All that said…. I have two topics today regarding the men in our lives.
First: Men and PMS. I’m not talking about OUR pms, I’m talking about how they apparently suffer from it themselves. I’m not sure why this happens, nor why it seems to happen in time with our own cycles. I know when women live together, or near each other, our cycles can run in sync. Is it possible that men’s hormones could be affected by ours as well? All I know is that quite often, if not monthly, but at least quarterly, the men in our lives will exhibit the same ugly characteristics we are famous for during our “time of the month.” They are irritable, short-tempered, have low levels of patience, low energy, and complain of aches and pains. Even more surprising, is that these creatures who are normally after us constantly for physical attention may suddenly “turn off” with no interest and roll over in grumpy-tired mode to go to sleep. Truly – they exhibit the exact same traits that we get in trouble for.
I have no big gripe about occasional mood swings and bad days. We all have them. But when men’s pms kicks in, it is invariably when we are already coping with our own – and yet we still have to help them through their issues because what coping skills they may have had, have now flown out the window. We carry on through our cramps, headaches, back aches, faulty memory issues and low energy. Men on the other hand seem to shut down, and assume the rest of the world will be fine with that. I don’t think I’ve shut down in at least 40 years. Perhaps I’m just jealous.
Second: BFF – Bodily Function Fascination. Bodily functions, especially noisy ones, are a source of wonderment, pride and immense humor to males of all ages.
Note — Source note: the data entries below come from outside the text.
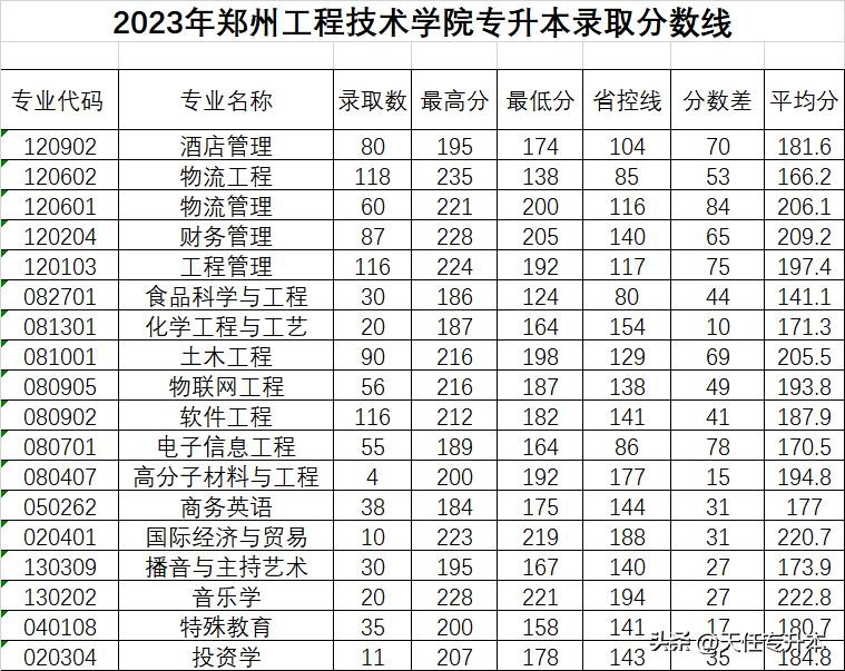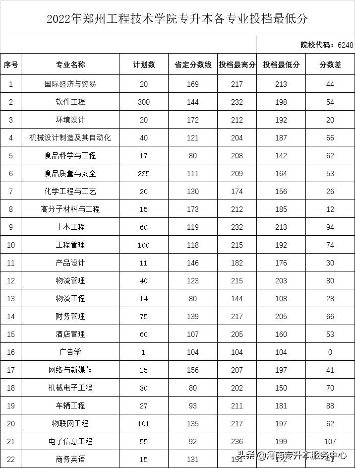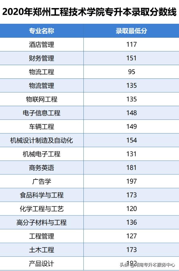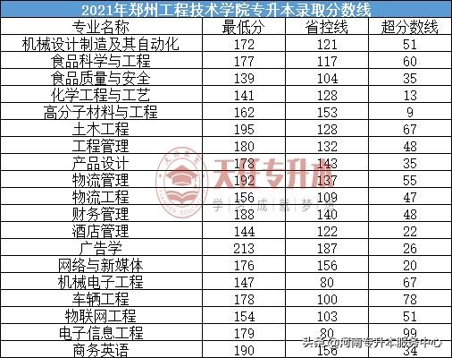 郑州工程技术学院2024年专升本招生专业及历年录取分数线
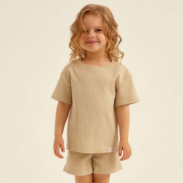 Пижама для девочки (футболка и шорты) SL HOME, размер 28 (86-92 см), бежевая (артикул 10197101) ЕОНК
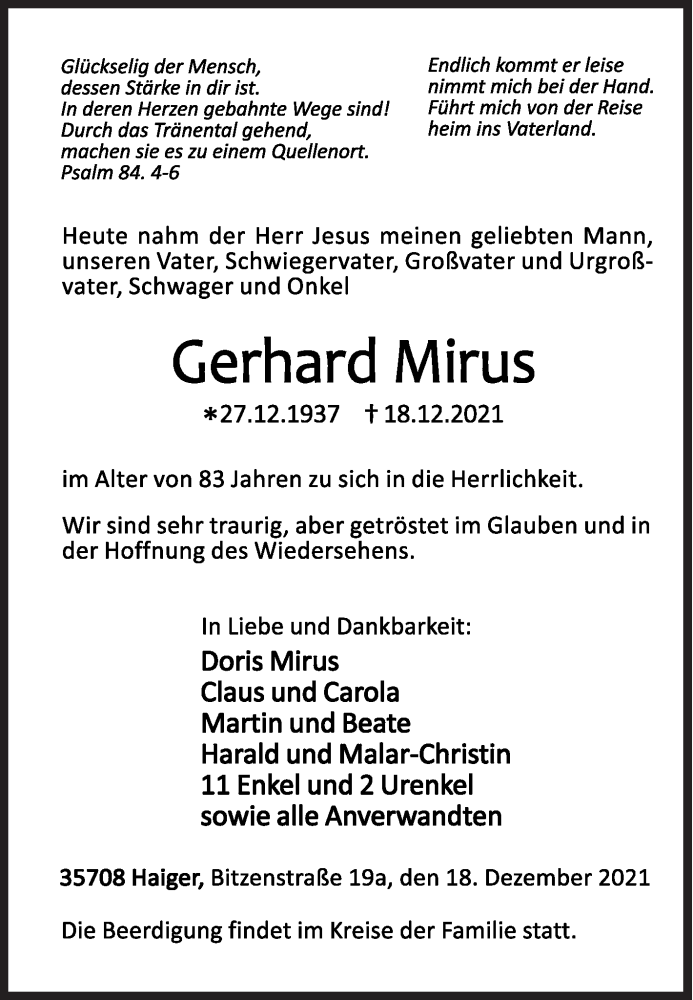 Hier finden Sie alle Traueranzeigen aus der Zeitung, die bisher für Gerhard Mirus erschienen sind. Weitere Traueranzeigen, die in der Zeitung erscheinen, werden hier ebenfalls aufgelistet
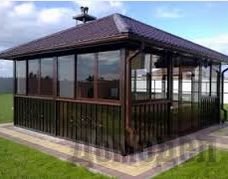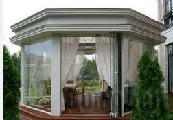 Построенная беседка имеет большие размеры и остеклить ее кажется невозможно. Не расстраивайтесь, в этом случае пригодится специальная «портальная» система. Фрамуга, которая движется , как дверь в маршрутном такси, отъезжает немного назад и откатывается в сторону. Для беседок с сложной структурой строения используют безрамное остекление, то есть без вертикальных перемычек. Стекла для этих рам выполнены из толстых закаленных стекол, они бываю прозрачными или тонированными. При таком остеклении обеспечивается максимальное светопропускание.
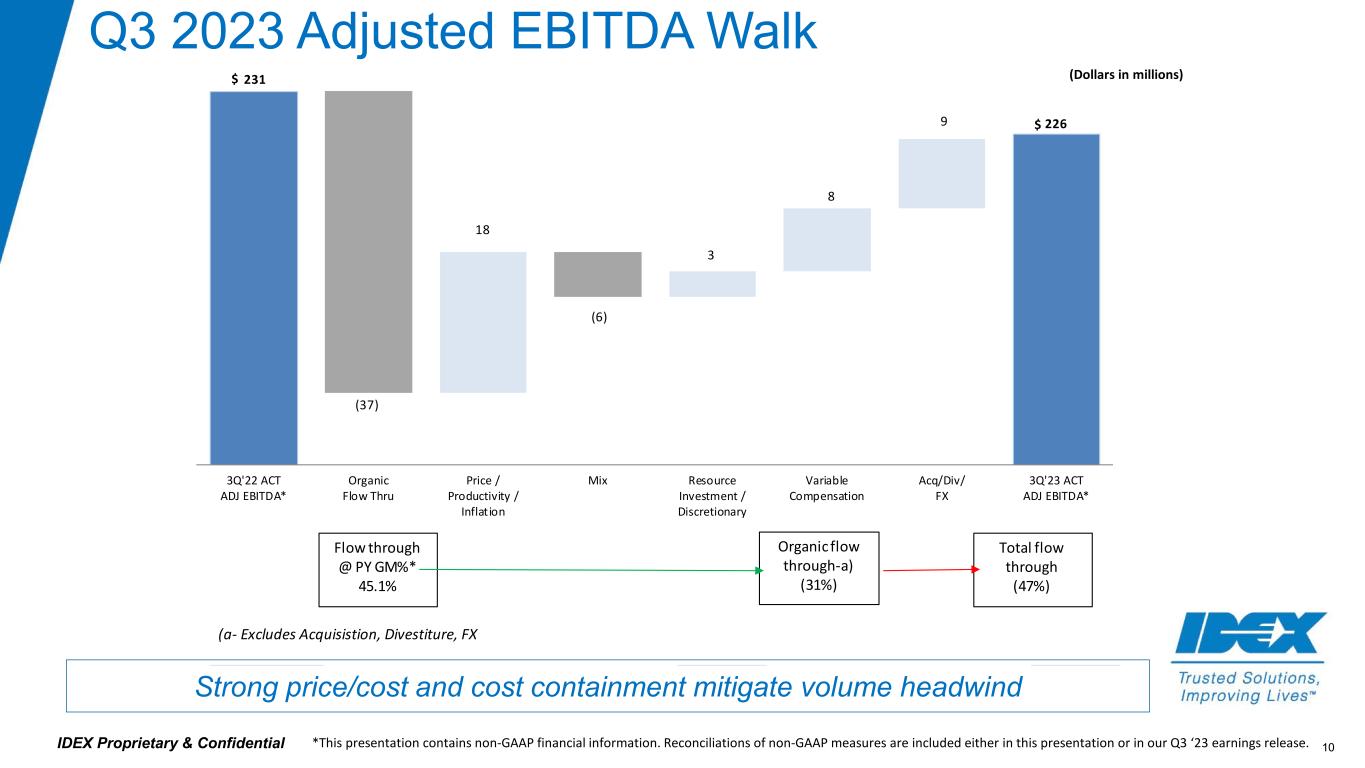 9IDEX Proprietary & Confidential $182 $207 Q3'22 Q3'23 IDEX Q3 2023 Financial Performance Strong Profitability and Free Cash Flow (Dollars in millions, excl. EPS) *This presentation contains non-GAAP financial information. Reconciliations of non-GAAP measures are included either in this presentation or in our Q3 ‘23 earnings release. Sales Adjusted Earnings per Share* Adjusted EBITDA Margin* Free Cash Flow* -6% Organic* -1% Decrease -30 bps 14% $824 $793 Q3'22 Q3'23 $2.14 $2.12 Q3'22 Q3'23 28.7% 28.4% Q3'22 Q3'23 Q3 2022 includes $17.9M accelerated deferred revenue related to the exit of COVID-19 testing application
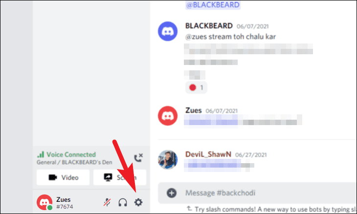 To report someone to Discord’s Trust and Safety Team, from the Discord website, click on the ‘gear’ icon present at the bottom section of your page. This will open the Discord settings page on your browser.
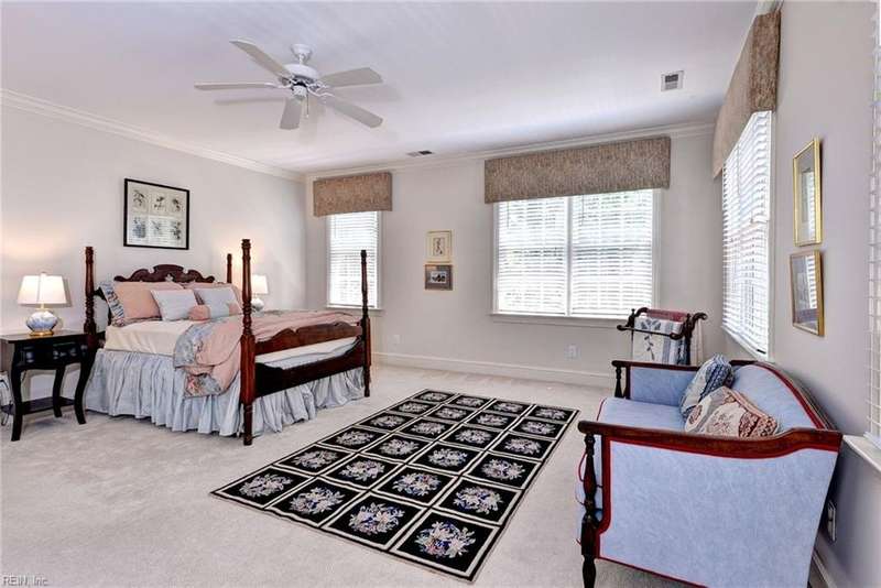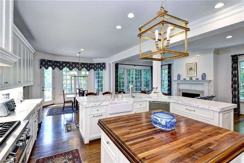 Live and enjoy the good life in this stately golf-front, brick home in wonderful Governor's Land. Fine craftsmanship, generous room sizes, soaring ceilings and luxurious materials will impress the most discriminating buyers. The kitchen is the heart of the home and can only be described as MAGNIFICENT! It is a gourmand's dream and has ample marble counter space, farm sink, walnut-topped island, breakfast bar, eat-in area, luxury appliances (Cove, Wolf, Sub Zero), pantry w 2nd Sub Zero and is open to a keeping room with fireplace. Main floor primary bedroom is the perfect retreat. Primary bath equipped with soaking tub, frameless glass shower, water closet with bidet, heated floors and towel bar. Butlers pantry, wet bar with wine cooler, temperature-controlled wine storage in lower level, plus flex spaces and 4 additional bedrooms upstairs. Stand-by generator, golf cart storage, encapsulated crawlspace, Navien hot water heater, whole-house surge protector, security system and more.

If I remember back far enough to my dating years, guys do seem capable of holding back on unpleasant noises and activities such as belching and passing gas in order to impress a woman about how much of a gentleman they can be . But once they reach that comfort level – either from long-term courtship or marriage, they let it fly — and with great glee.
I just don’t get it. Why are BF’s fun to them and not disgusting? Why does it happen so frequently and with such gusto? Why is it not embarrassing to them? We women will do whatever we can to avoid emitting certain unbecoming issues in front of others. But not so with men. This all starts at a young age. Boys find certain BF’s completely hysterical and will have competitions, comparisons and discussions with friends about them. It can even serve as bonding moments between fathers and sons.
It does no good as Real Women to complain, attempt to change their diets, or threaten to hold back favors. It won’t change the fact that apparently within the very core of their beings lays BFF. Our only choice is to turn a blind eye, ear and nose to this, and focus instead on commisserating with OUR version of BFF’s.
For without our girlfriends and the other Real Women in our lives, we would never have the patience to accept these characteristics in our men and continue to believe our fairy tales that somewhere under those froggy exteriors are a few Princes.